For the first time all day, Helen is reluctant to do as she is bidden. She can't get the creature out on her own, not without moving the furniture, anyway, and that is not always easy to hide the evidence of, but she could watch through the glass, and make some sketches.

"This evening, Helen," her father says, having read her intent. "I'll have a drafting table set up for you by then."

"Thank you, father," she says warmly. "It's lovely."

"Happy birthday, Helen," he replies, and she goes back upstairs into the sunlight.


Years will pass before she determines how the platypus sees with its eyes shut under water. In the meantime, she draws it from every angle and observes its behaviours in the tank. At first, she is afraid that it will miss Australia and become ill, but it lives to a ripe old age of fourteen under her care. When it dies, her father asks her if she would like another, but since Helen is about to undertake a tour of Europe she decides to wait.

She doesn't realize that the platypus was a test until the night her father shows her the rest of what goes on in the basement of their house. She understands then that her reaction to it, her care of it, and her studious approach to learning about it, was as closely monitored by her father as the platypus was monitored by her. The platypus was a test, and one that she passed.

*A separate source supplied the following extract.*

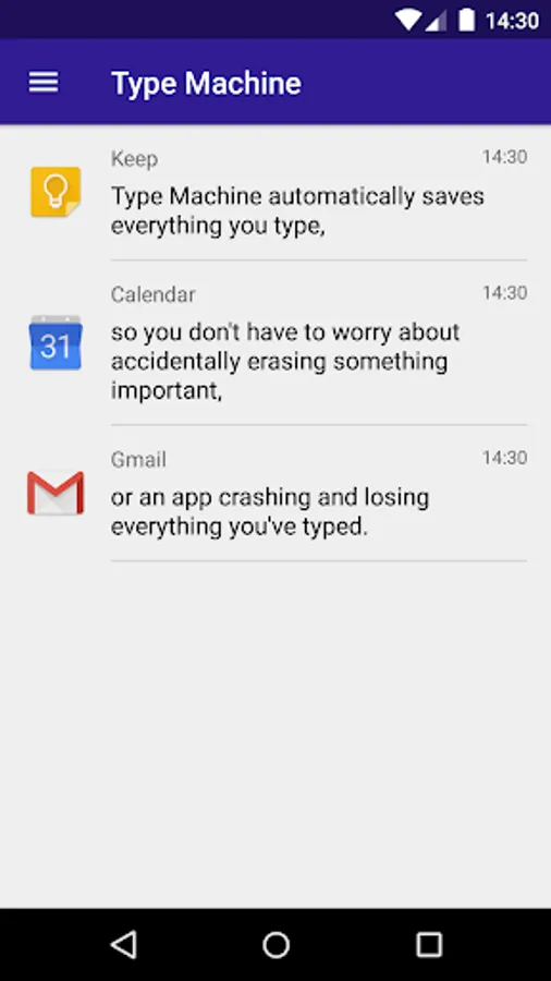 Have you ever typed something and then accidentally erased it? Written down something important and couldn't find it again? App crashed and lost everything you wrote? With your own Type Machine, that's no problem.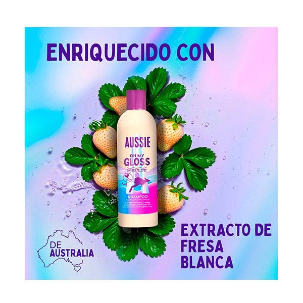 ENRIQUECIDO CON FRESA BLANCA AUSTRALIANA, este champú limpia suavemente e hidrata tu pelo, dejándolo con un brillo espectacular. ¡Brillo total!

She doesn't always have a platypus on hand, but whenever her Sanctuary is in a relatively stable position she tries to. It's a good object lesson, after all, something that was thought to be a trick, thought to be impossible, and is now so widely accepted that it appears on a coin. Each abnormal, she realizes, faces its own version of the platypus test, and with each human that passes, her job is all the more complete. She has a long way to go, she knows, and even with her lifespan, she might never see the job finished, but that creature, with its poisoned spurs, electrolocation and mammalian egg-laying gives her hope.


fin

Notes: Well that became a bit more profound than I'd planned on!